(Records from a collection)

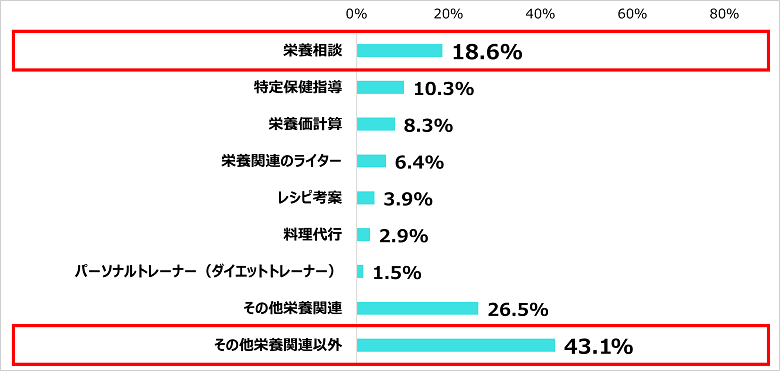 10.管理栄養士・栄養士の副業は「栄養相談(18.6%)」が最多ではあるもののバラつきあり。一般的なアルバイトも多い
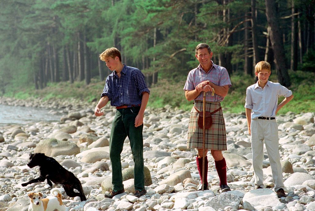 Then-Prince Charles In Kilt And Sporran And Shepherd's Crook Walking Stick With Prince William & Prince Harry At Polvier, By The River Dee, Balmoral Castle Estate in August 1997© Tim Graham, Getty
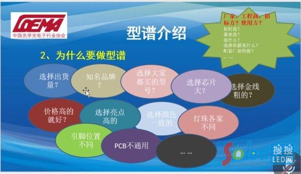 本次表貼系列型譜團體標準(意見稿)由行業(yè)協(xié)會牽頭負責,國星光電李宗濤博士對征求意見稿及編制過程進行了介紹與說明。本標準是半導體發(fā)光二極管系列產(chǎn)品的基礎標準之一,為其它相關(guān)標準和文件的制定提供產(chǎn)品類型選擇的依據(jù)。編制本標準的目的是:為相關(guān)的設計、生產(chǎn)和采購提供可以優(yōu)先選用的半導體發(fā)光二極管標準系列和品種;向招標公司優(yōu)先推薦的半導體發(fā)光二極管標準系列和品種;促進使用型譜所規(guī)定的半導體發(fā)光二極管標準系列和品種,最大限度的減少非標準類型產(chǎn)品的使用,提高標準化和系列化水平;對半導體發(fā)光二極管的生產(chǎn)、研制、開發(fā)進行控制和計劃管理,以較少的系列和品種滿足模塊和整機領域的使用需要,以有利于控制品種、增強投資效果、提高產(chǎn)品質(zhì)量和有效的配套供應。
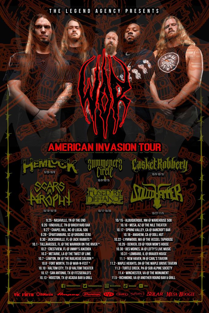 North Carolina, USA groove metal warriors WoR announce they will be hitting the road for the American Invasion Tour w/ Hemlock, Summoner’s Circle, Casket Robbery, Scars Of Atrophy, Fused By Defiance, and Squidhammer. The tour kicks off in Nashville, TN on September 25th and will see the band trek across 18 US states until ending it in Richmond, VA on November 11th. The supporting bands will be playing on selected dates listed below.
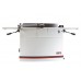 Отличительная особенность новинки – параллелограммный механизм регулировки высоты столов. В сегменте компактного оборудования такая схема получила распространение сравнительно недавно и пока еще более характерна для тяжелого промышленного оборудования. Вместо наклонных скользящих направляющих в ней используются рычаги на осях, нет ни винтов, ни эксцентриков, а усилие от рукоятки прикладывается непосредственно на сторону параллелограмма. Внутреннее трение и люфты в такой конструкции минимальны, что позволяет при настройке перемещать тяжелые столы (регулируются оба: и приемный, и разгрузочный) с наименьшими усилиями и максимально точно.
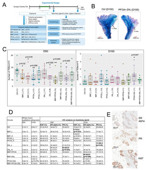 The endocrine system plays an important role in mammary gland development. We measured the weight of the endocrine organs and examined their histology. Exposure to BBP + PFOA caused a trend of increased ovarian weight at D50 compared to controls. Exposure to ZAL_L, BBP + PFOA, BBP + ZAL, and BBP + PFOA + ZAL caused an increase in ovarian weight, and PFOA + ZAL tended to increase ovaries’ weight, at D100 (Figure 2A and Figure S6A). No significant difference was found by histological examination.
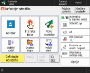 Zaslon osnovnih značajki funkcija skeniranja i slanja
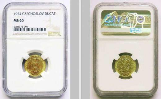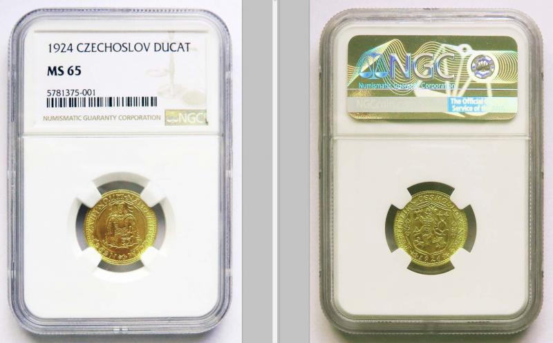 Svatováclavský dukát 1924, lepší ročník. Au 986 (dukátové zlato 23,7 karátů) - 3,49 g - vroubkovaná hrana - mincovna Kremnica - mince získala 65 bodů z max. možných 70 - pouze 14 mincí má vyšší hodnocení - certifikace NGC = záruka pravosti a jakosti. Poštovné po platbě předem 150 Kč, dobírka 220 Kč. Poštovné za dobírku požaduji předem. Možnost osobního převzetí a platby v Bílovci.

TASK REQUIREMENTS |
Your answer must be the exact lines from the start of the data through the line with "本次表貼系列型譜團體標準(意", inclusive, and nothing else; pictures do not belong in it.

WRITTEN SOLUTION |
 10.管理栄養士・栄養士の副業は「栄養相談(18.6%)」が最多ではあるもののバラつきあり。一般的なアルバイトも多い
 Then-Prince Charles In Kilt And Sporran And Shepherd's Crook Walking Stick With Prince William & Prince Harry At Polvier, By The River Dee, Balmoral Castle Estate in August 1997© Tim Graham, Getty
 本次表貼系列型譜團體標準(意見稿)由行業(yè)協(xié)會牽頭負責,國星光電李宗濤博士對征求意見稿及編制過程進行了介紹與說明。本標準是半導體發(fā)光二極管系列產(chǎn)品的基礎標準之一,為其它相關(guān)標準和文件的制定提供產(chǎn)品類型選擇的依據(jù)。編制本標準的目的是:為相關(guān)的設計、生產(chǎn)和采購提供可以優(yōu)先選用的半導體發(fā)光二極管標準系列和品種;向招標公司優(yōu)先推薦的半導體發(fā)光二極管標準系列和品種;促進使用型譜所規(guī)定的半導體發(fā)光二極管標準系列和品種,最大限度的減少非標準類型產(chǎn)品的使用,提高標準化和系列化水平;對半導體發(fā)光二極管的生產(chǎn)、研制、開發(fā)進行控制和計劃管理,以較少的系列和品種滿足模塊和整機領域的使用需要,以有利于控制品種、增強投資效果、提高產(chǎn)品質(zhì)量和有效的配套供應。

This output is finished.